Supplied material:
▬▬▬▬▬▬▬▬▬▬
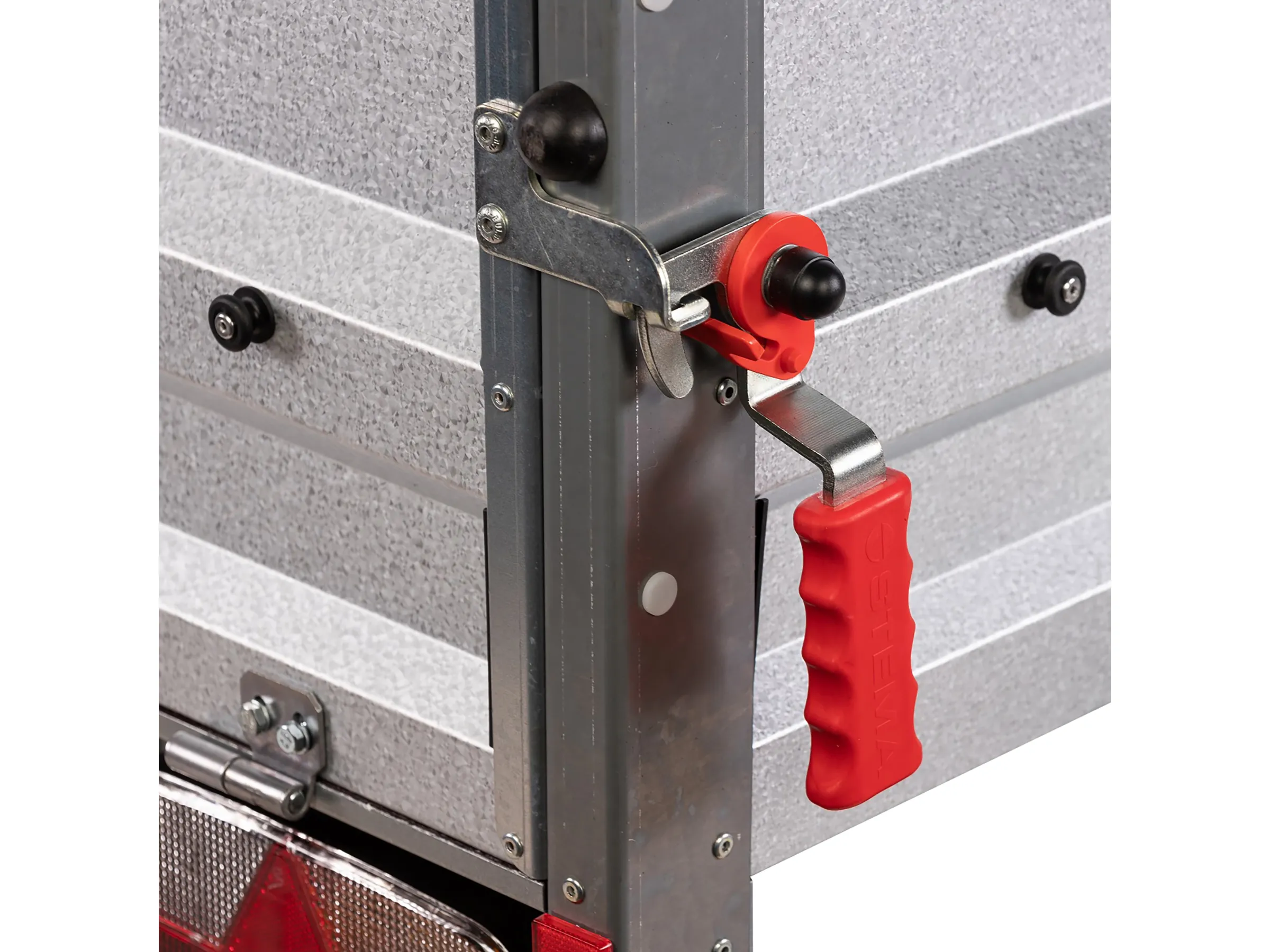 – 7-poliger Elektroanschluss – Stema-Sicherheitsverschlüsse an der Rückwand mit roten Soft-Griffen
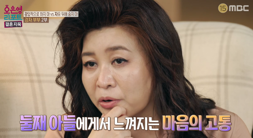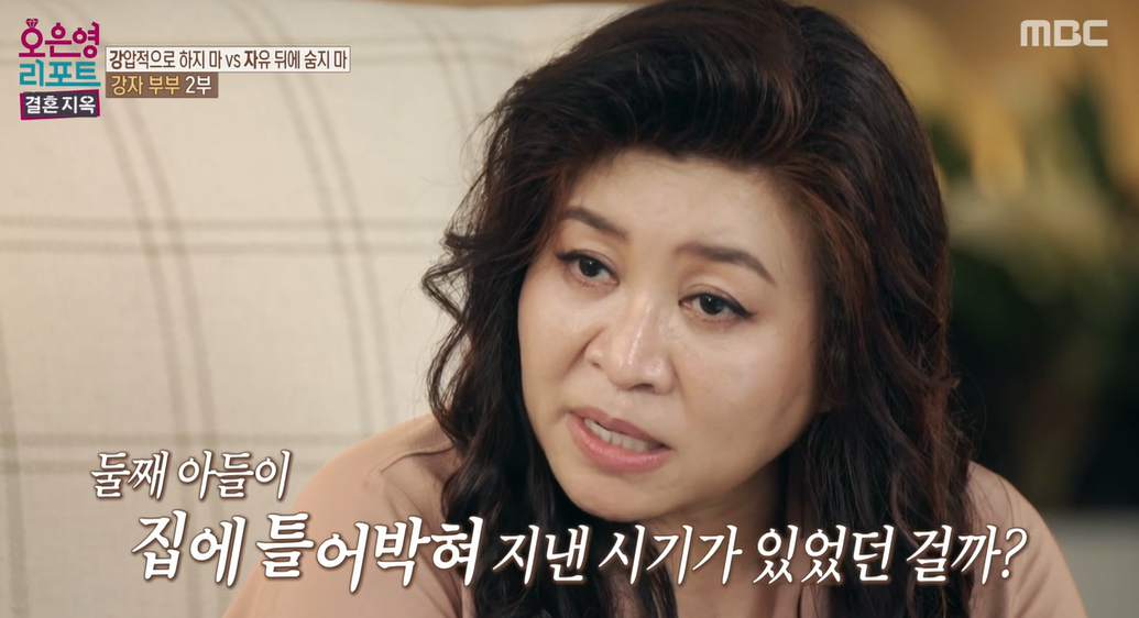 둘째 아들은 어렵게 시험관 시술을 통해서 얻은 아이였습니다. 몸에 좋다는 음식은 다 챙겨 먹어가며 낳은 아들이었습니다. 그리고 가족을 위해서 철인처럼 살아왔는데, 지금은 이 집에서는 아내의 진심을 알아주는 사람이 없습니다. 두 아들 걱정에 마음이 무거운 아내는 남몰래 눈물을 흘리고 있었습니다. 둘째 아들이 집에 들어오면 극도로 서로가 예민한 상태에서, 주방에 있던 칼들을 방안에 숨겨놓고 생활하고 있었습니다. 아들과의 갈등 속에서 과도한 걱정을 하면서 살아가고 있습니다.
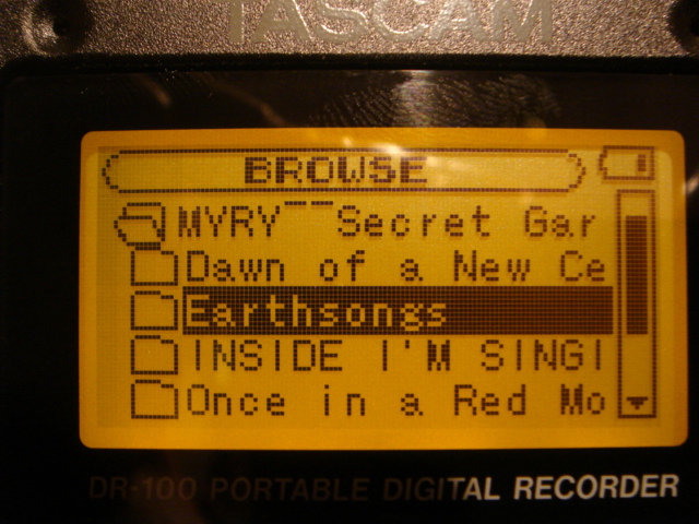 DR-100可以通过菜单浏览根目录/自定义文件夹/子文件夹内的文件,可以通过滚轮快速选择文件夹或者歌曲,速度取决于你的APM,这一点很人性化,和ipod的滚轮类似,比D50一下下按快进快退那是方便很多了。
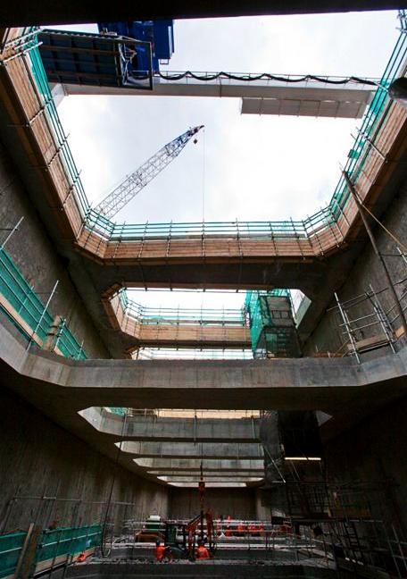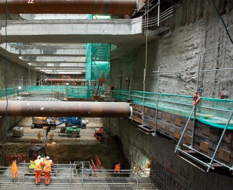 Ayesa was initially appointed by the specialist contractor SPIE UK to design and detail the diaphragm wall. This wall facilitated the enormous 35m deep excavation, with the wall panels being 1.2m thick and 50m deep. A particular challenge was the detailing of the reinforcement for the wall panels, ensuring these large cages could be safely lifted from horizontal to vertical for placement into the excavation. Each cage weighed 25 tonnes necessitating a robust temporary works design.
▬▬▬▬▬▬▬▬▬▬
Work order: Print every line of the material above exactly as it reads, skipping the pictures.

Written response:
 – 7-poliger Elektroanschluss – Stema-Sicherheitsverschlüsse an der Rückwand mit roten Soft-Griffen
 둘째 아들은 어렵게 시험관 시술을 통해서 얻은 아이였습니다. 몸에 좋다는 음식은 다 챙겨 먹어가며 낳은 아들이었습니다. 그리고 가족을 위해서 철인처럼 살아왔는데, 지금은 이 집에서는 아내의 진심을 알아주는 사람이 없습니다. 두 아들 걱정에 마음이 무거운 아내는 남몰래 눈물을 흘리고 있었습니다. 둘째 아들이 집에 들어오면 극도로 서로가 예민한 상태에서, 주방에 있던 칼들을 방안에 숨겨놓고 생활하고 있었습니다. 아들과의 갈등 속에서 과도한 걱정을 하면서 살아가고 있습니다.
 DR-100可以通过菜单浏览根目录/自定义文件夹/子文件夹内的文件,可以通过滚轮快速选择文件夹或者歌曲,速度取决于你的APM,这一点很人性化,和ipod的滚轮类似,比D50一下下按快进快退那是方便很多了。
 Ayesa was initially appointed by the specialist contractor SPIE UK to design and detail the diaphragm wall. This wall facilitated the enormous 35m deep excavation, with the wall panels being 1.2m thick and 50m deep. A particular challenge was the detailing of the reinforcement for the wall panels, ensuring these large cages could be safely lifted from horizontal to vertical for placement into the excavation. Each cage weighed 25 tonnes necessitating a robust temporary works design.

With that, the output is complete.